** WORKING DATA follows **
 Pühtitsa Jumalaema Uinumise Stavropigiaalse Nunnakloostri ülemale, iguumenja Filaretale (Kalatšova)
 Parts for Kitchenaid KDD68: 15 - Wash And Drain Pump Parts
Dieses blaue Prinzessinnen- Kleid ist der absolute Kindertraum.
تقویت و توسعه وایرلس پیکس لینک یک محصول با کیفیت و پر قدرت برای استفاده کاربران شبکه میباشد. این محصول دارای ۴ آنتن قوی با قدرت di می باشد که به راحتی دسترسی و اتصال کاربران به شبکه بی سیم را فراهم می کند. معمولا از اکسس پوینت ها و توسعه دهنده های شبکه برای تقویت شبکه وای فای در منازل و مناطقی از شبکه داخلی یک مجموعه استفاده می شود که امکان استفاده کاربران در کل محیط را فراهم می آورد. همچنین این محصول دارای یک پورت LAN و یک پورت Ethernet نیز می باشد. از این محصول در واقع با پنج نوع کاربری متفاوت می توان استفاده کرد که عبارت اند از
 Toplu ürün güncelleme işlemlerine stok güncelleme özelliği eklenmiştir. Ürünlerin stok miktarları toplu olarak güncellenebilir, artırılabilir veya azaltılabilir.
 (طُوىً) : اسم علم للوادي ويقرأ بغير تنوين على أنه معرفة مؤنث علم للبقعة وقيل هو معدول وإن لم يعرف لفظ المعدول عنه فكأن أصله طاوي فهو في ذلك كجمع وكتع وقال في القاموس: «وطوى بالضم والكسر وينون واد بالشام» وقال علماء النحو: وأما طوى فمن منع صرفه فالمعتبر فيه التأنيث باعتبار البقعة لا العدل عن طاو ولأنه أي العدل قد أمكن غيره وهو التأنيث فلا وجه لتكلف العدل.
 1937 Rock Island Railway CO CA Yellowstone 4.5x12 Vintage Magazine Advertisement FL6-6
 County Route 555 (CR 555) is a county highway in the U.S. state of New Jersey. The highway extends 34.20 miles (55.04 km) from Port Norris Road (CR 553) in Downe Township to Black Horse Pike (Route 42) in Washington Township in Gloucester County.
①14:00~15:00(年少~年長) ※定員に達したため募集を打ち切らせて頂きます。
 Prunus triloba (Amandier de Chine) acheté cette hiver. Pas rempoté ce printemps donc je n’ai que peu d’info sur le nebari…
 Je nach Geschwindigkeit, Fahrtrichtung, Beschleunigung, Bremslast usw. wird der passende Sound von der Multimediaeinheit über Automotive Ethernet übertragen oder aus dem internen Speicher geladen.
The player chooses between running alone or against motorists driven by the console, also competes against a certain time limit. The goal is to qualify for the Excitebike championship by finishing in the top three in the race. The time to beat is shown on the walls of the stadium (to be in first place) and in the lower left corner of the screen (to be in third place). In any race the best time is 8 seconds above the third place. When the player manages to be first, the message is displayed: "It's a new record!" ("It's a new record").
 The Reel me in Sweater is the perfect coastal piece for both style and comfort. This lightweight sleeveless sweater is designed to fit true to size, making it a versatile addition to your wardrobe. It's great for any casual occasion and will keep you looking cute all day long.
** End of WORKING DATA **
» **EXERCISE PROMPT**
Only an exact copy of the entries above will do.

» **COMPLETED TASK**
 Pühtitsa Jumalaema Uinumise Stavropigiaalse Nunnakloostri ülemale, iguumenja Filaretale (Kalatšova)
 Parts for Kitchenaid KDD68: 15 - Wash And Drain Pump Parts
Dieses blaue Prinzessinnen- Kleid ist der absolute Kindertraum.
تقویت و توسعه وایرلس پیکس لینک یک محصول با کیفیت و پر قدرت برای استفاده کاربران شبکه میباشد. این محصول دارای ۴ آنتن قوی با قدرت di می باشد که به راحتی دسترسی و اتصال کاربران به شبکه بی سیم را فراهم می کند. معمولا از اکسس پوینت ها و توسعه دهنده های شبکه برای تقویت شبکه وای فای در منازل و مناطقی از شبکه داخلی یک مجموعه استفاده می شود که امکان استفاده کاربران در کل محیط را فراهم می آورد. همچنین این محصول دارای یک پورت LAN و یک پورت Ethernet نیز می باشد. از این محصول در واقع با پنج نوع کاربری متفاوت می توان استفاده کرد که عبارت اند از
 Toplu ürün güncelleme işlemlerine stok güncelleme özelliği eklenmiştir. Ürünlerin stok miktarları toplu olarak güncellenebilir, artırılabilir veya azaltılabilir.
 (طُوىً) : اسم علم للوادي ويقرأ بغير تنوين على أنه معرفة مؤنث علم للبقعة وقيل هو معدول وإن لم يعرف لفظ المعدول عنه فكأن أصله طاوي فهو في ذلك كجمع وكتع وقال في القاموس: «وطوى بالضم والكسر وينون واد بالشام» وقال علماء النحو: وأما طوى فمن منع صرفه فالمعتبر فيه التأنيث باعتبار البقعة لا العدل عن طاو ولأنه أي العدل قد أمكن غيره وهو التأنيث فلا وجه لتكلف العدل.
 1937 Rock Island Railway CO CA Yellowstone 4.5x12 Vintage Magazine Advertisement FL6-6
 County Route 555 (CR 555) is a county highway in the U.S. state of New Jersey. The highway extends 34.20 miles (55.04 km) from Port Norris Road (CR 553) in Downe Township to Black Horse Pike (Route 42) in Washington Township in Gloucester County.
①14:00~15:00(年少~年長) ※定員に達したため募集を打ち切らせて頂きます。
 Prunus triloba (Amandier de Chine) acheté cette hiver. Pas rempoté ce printemps donc je n’ai que peu d’info sur le nebari…
 Je nach Geschwindigkeit, Fahrtrichtung, Beschleunigung, Bremslast usw. wird der passende Sound von der Multimediaeinheit über Automotive Ethernet übertragen oder aus dem internen Speicher geladen.
The player chooses between running alone or against motorists driven by the console, also competes against a certain time limit. The goal is to qualify for the Excitebike championship by finishing in the top three in the race. The time to beat is shown on the walls of the stadium (to be in first place) and in the lower left corner of the screen (to be in third place). In any race the best time is 8 seconds above the third place. When the player manages to be first, the message is displayed: "It's a new record!" ("It's a new record").
 The Reel me in Sweater is the perfect coastal piece for both style and comfort. This lightweight sleeveless sweater is designed to fit true to size, making it a versatile addition to your wardrobe. It's great for any casual occasion and will keep you looking cute all day long.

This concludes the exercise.